Intranet redesign: building a business case

An intranet is not a website. In fact, its shocking how many executives and companies treat the intranet as nothing more than an internal website. I had one head of HR tell me, of a regional – municipal government in Vancouver, Canada, once tell me, “I don’t see why we even need an intranet — we have a website, email, and a phone.” I won’t even repeat what the CEO of this loser culture told me….

When properly executed, the intranet is an all-encompassing business system — a nearly equivalent, and compatible business ecosystem. Technology is only a supporting component; the success of an intranet has more to do with people in process.

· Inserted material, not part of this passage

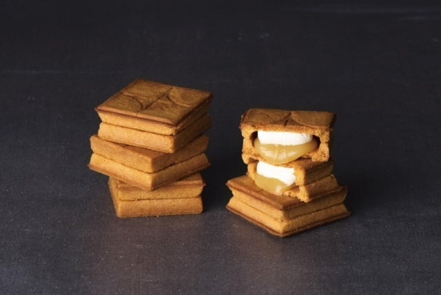 クッキーは和菓子の「はさみ焼き」の技術で焼き上げる事で余分な油分だけが抜け、食感と風味のベストバランスを実現。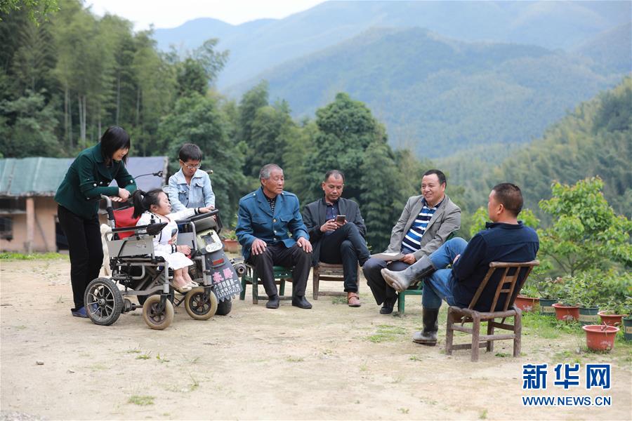 当地村民向彭超了解鸡蛋销售情况(5月29日摄)。 新华社发(刘欣荣 摄)

Understanding the role of people and the employees begins at the top of the organization. In Leading an intranet redesign I espoused the importance of having an executive champion. Like a political campaign, an intranet redesign requires the support and vote of those that count – particularly senior management.

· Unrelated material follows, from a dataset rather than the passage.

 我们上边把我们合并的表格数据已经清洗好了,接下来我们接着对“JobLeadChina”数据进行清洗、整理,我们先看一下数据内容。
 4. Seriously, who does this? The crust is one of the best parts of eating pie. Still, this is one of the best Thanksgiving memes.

Truth be known, when it comes to execution of the site information architecture, layout and site design, your target audience is far more important. Employees determine the ultimate success of your intranet.

If you build it they will not come. It’s not enough just to build it; you must build a system that is engaging, intuitive and bestows tangible value for the employee. If it is not enticing and easy to use, then your intranet is doomed to die a slow death until the next redesign.


Employee requirements and input must be built into the blueprint of the intranet long before any attempt at redesign an intranet or portal’s ‘look-and-feel.’

Engaging employees for feedback on their opinions and feedback can be simple to complex; qualitative to quantitative. My personal preference is a combination of user survey and focus groups. However, one-on-one interviews, usability testing, and feedback tracking all have their own value.

In short, there are both qualitative and quantitative tools for engaging employee users. If it is in fact a full redesign, then usability testing serves limited value. Usability testing is best employed when testing a working prototype prior to going live. A combination of survey and focus groups allows both quantitative and qualitative measurement.

For a complete comparison of employee research techniques please read When to use what research tools.


Not to be forgotten in the process of building a business case and a blueprint for your redesign is the needs and requirements of the business itself.

Since the business can’t speak for itself, senior managers are the voices of choice to speak for the needs of the organization. Of the senior managers that matter most, there are those that represent the ‘big three’:

  • Corporate communications
  • Human resources
  • Information technology (information services)

In most organizations, the key players often represent those three disciplines. However, other key stakeholders could include:

  • Finance
  • Operations
  • Marketing
  • Business units

Senior managers are however extremely opinionated. And they must be heard. At the outset of any redesign, key managers should be interviewed one-on-one. Resist the urge to do a focus group for initial consultations; senior managers deserve your unequivocal attention.

Keep reading….Intranet Redesign

1 thought on “Intranet redesign: building a business case”

  1. Writing -or building, if you prefer, a business case is a matter of stacking up the benefits (tangible and intangible) against the costs (of creating, operating, managing and maintaining !! the system over a meaningful number of years (intranets – maybe 1-2 years into the future).
    I agree with Toby – build it and they will not come……. unless the business case successfully answers (for the users) the killer question “What problem is this intranet solution fixing ?” Of course, if nobody gives a rat's arse about the problem, nobody will care about the solution.
    A negative business case ought to kill off the project (excellent for getting rid of unwanted pets) – but a sound and positive business case not only provides the justification for spending the cash – it also names and prioritises the deliverables (i.e. the benefits) and therefore helps in planning the project and later – in evaluating whether the project has been sucessful.